Claro, la política no ignora el mapa desigual. En Colombia, hay municipios con más vacas que médicos, y especialistas que no llegarían allí ni con helicóptero. Por eso se proponen incentivos, condiciones dignas, y algo más raro todavía: voluntad de quedarse. No se trata de obligar con contratos leoninos, sino de ofrecer razones para ejercer en donde más se necesita. Dignidad por reciprocidad.

Pero no bastan buenas intenciones. Para que esta transformación no se quede en powerpoints institucionales, habrá que enfrentar a varios enemigos silenciosos: currículos inmutables, hospitales que ven estudiantes como carga, profesores atrapados en el modelo antiguo, y egos profesionales que prefieren el bisturí al barrio.

Además, como toda gran reforma, esta exige orquestar sectores que no suelen dialogar: educación, salud, trabajo.
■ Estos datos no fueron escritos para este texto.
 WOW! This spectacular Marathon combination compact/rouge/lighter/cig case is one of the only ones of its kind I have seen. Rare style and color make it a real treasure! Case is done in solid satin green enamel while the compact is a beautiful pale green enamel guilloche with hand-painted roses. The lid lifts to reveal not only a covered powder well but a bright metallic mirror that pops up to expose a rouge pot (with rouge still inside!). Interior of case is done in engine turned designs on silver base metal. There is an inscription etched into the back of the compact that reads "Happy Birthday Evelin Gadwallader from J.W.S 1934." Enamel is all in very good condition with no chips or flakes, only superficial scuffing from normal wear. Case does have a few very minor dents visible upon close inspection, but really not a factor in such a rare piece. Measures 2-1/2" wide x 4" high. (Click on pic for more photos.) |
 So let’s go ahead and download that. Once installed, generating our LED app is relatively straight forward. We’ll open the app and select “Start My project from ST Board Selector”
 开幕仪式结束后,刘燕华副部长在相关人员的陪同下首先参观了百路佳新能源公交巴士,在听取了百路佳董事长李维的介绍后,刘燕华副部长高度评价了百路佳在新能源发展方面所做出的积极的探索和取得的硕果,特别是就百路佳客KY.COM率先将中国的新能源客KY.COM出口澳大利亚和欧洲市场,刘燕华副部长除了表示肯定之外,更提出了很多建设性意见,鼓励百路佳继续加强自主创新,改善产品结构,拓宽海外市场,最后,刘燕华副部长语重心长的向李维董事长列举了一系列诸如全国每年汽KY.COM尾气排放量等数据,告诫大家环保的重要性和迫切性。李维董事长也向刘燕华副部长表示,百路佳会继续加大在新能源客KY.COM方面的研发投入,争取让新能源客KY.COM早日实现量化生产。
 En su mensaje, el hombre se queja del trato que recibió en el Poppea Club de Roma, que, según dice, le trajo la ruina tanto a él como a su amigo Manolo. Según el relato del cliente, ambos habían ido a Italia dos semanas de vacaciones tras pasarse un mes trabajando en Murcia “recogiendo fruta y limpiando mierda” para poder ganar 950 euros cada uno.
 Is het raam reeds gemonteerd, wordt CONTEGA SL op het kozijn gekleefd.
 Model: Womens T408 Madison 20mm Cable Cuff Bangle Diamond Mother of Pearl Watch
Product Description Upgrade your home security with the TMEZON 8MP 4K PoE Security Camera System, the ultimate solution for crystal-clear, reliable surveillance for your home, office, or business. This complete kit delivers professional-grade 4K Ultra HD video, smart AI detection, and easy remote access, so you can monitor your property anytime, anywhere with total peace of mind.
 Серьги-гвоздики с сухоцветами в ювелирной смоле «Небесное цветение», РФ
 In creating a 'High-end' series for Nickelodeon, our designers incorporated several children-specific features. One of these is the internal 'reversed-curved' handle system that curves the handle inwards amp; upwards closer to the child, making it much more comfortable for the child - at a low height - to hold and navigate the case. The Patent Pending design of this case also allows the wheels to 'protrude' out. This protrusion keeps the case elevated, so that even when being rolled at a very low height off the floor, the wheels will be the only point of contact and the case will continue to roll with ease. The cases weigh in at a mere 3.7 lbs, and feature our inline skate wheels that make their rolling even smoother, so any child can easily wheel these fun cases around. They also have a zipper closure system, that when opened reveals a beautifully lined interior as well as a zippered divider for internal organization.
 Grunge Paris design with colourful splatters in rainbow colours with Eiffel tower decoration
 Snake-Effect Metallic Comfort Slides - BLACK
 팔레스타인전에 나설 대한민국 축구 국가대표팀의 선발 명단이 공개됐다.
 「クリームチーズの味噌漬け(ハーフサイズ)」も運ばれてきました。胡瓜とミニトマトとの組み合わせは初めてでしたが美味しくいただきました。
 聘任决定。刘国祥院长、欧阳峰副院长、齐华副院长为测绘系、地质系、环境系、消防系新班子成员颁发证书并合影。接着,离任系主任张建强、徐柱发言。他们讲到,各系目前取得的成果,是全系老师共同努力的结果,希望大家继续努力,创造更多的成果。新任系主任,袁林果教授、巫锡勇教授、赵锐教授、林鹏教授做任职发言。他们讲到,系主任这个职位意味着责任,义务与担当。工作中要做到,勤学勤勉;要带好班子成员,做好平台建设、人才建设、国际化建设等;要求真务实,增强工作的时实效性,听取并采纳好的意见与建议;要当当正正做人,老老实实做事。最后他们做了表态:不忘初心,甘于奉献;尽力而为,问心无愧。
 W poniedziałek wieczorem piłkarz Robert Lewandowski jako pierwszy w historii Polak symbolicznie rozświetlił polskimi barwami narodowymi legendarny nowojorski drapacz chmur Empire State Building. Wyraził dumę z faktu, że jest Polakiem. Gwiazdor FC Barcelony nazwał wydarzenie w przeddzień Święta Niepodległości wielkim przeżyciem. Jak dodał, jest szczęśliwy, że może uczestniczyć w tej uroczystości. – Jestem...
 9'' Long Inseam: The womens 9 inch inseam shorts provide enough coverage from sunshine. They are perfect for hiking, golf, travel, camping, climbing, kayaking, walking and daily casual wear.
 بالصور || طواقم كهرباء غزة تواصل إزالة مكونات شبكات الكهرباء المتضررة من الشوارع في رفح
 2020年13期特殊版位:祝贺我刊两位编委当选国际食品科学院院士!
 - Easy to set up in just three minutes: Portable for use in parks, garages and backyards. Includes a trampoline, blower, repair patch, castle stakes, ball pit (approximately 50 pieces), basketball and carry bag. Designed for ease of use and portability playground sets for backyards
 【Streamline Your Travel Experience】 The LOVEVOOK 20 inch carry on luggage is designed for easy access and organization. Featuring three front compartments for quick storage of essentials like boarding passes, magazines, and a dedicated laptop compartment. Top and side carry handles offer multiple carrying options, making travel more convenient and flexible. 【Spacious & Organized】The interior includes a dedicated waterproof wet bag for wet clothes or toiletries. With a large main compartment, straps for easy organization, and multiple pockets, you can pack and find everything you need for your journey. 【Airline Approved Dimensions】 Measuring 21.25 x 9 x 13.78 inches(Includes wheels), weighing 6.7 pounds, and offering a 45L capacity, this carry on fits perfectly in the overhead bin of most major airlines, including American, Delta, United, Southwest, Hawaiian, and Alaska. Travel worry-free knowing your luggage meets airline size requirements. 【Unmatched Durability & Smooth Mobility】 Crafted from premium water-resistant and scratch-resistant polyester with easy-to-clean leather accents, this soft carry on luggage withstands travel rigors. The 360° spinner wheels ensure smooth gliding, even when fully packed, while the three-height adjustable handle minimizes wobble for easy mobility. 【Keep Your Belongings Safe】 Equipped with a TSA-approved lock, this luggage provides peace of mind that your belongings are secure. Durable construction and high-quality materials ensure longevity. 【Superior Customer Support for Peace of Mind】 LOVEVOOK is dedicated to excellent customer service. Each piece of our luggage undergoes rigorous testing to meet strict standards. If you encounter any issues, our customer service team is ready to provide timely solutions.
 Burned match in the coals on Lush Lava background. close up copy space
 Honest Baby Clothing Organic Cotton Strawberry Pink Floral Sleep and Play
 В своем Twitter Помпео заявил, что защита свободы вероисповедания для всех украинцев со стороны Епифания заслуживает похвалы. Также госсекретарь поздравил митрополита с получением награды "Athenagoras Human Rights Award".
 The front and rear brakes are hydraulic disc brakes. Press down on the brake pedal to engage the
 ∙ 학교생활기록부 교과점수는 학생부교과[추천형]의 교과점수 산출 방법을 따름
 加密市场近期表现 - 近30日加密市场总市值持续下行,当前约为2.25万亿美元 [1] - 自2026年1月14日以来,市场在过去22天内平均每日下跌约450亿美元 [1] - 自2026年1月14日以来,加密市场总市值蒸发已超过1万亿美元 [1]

La gobernanza es la palabra clave, pero también la más frágil. ¿Cómo coordinar actores con intereses tan disímiles? ¿Cómo asegurar que la academia no siga enseñando lo que el sistema ya no necesita?

Y aún así, el momento parece propicio. La pandemia dejó en evidencia lo que ya se intuía: que necesitamos médicos menos heroicos y más humanos. Que saber intubar no basta si no se puede consolar. Que la salud pública no empieza en los quirófanos, sino en las decisiones cotidianas que tomamos como país.

Esta política podría ser, si se concreta, el inicio de algo más profundo: una reconciliación entre ciencia y conciencia, entre técnica y ternura. Porque, al final, ¿de qué sirve formar un experto en trasplantes si no sabe mirar a los ojos de quien ya perdió toda esperanza?